## Dataset entries
/---

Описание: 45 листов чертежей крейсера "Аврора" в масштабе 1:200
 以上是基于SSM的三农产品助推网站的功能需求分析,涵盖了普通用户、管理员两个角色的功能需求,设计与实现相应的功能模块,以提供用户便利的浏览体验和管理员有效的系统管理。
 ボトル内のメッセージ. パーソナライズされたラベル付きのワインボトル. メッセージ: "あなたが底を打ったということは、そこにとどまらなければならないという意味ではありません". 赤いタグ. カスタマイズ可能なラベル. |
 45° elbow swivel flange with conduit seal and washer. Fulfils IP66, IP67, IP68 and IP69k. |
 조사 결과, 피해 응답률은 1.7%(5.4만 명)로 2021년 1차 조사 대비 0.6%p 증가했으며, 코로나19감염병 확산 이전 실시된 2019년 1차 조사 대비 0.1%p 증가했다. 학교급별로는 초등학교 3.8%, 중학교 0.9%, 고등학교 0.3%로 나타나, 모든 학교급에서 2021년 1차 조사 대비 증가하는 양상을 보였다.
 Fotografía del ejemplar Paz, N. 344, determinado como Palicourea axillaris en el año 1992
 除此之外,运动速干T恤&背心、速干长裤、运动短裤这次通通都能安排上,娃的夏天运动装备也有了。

\---
/---

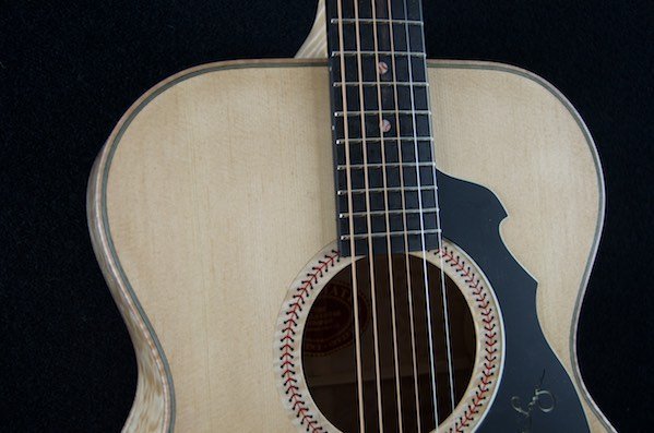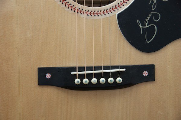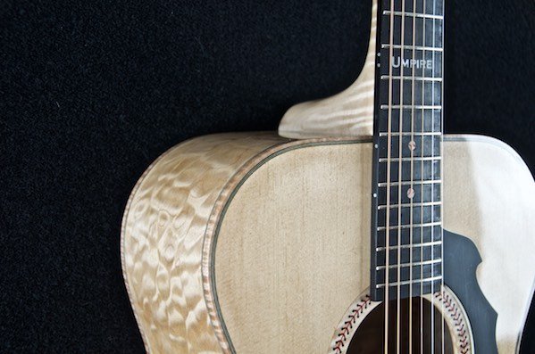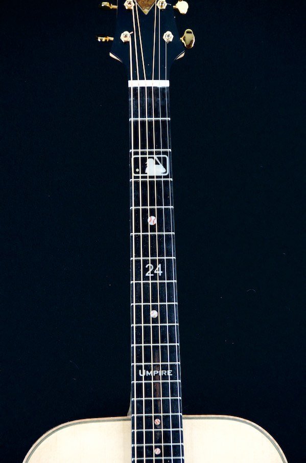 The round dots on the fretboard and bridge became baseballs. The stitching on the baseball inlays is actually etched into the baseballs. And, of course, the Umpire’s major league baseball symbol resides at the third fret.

\---

## Task item
Once you find the line with "Описание: 45 листов" above, print it and every line after it up to and including the line with "除此之外,运动速干T恤&背心", exactly as written and nothing else.

## Exercise output
Описание: 45 листов чертежей крейсера "Аврора" в масштабе 1:200
 以上是基于SSM的三农产品助推网站的功能需求分析,涵盖了普通用户、管理员两个角色的功能需求,设计与实现相应的功能模块,以提供用户便利的浏览体验和管理员有效的系统管理。
 ボトル内のメッセージ. パーソナライズされたラベル付きのワインボトル. メッセージ: "あなたが底を打ったということは、そこにとどまらなければならないという意味ではありません". 赤いタグ. カスタマイズ可能なラベル. |
 45° elbow swivel flange with conduit seal and washer. Fulfils IP66, IP67, IP68 and IP69k. |
 조사 결과, 피해 응답률은 1.7%(5.4만 명)로 2021년 1차 조사 대비 0.6%p 증가했으며, 코로나19감염병 확산 이전 실시된 2019년 1차 조사 대비 0.1%p 증가했다. 학교급별로는 초등학교 3.8%, 중학교 0.9%, 고등학교 0.3%로 나타나, 모든 학교급에서 2021년 1차 조사 대비 증가하는 양상을 보였다.
 Fotografía del ejemplar Paz, N. 344, determinado como Palicourea axillaris en el año 1992
 除此之外,运动速干T恤&背心、速干长裤、运动短裤这次通通都能安排上,娃的夏天运动装备也有了。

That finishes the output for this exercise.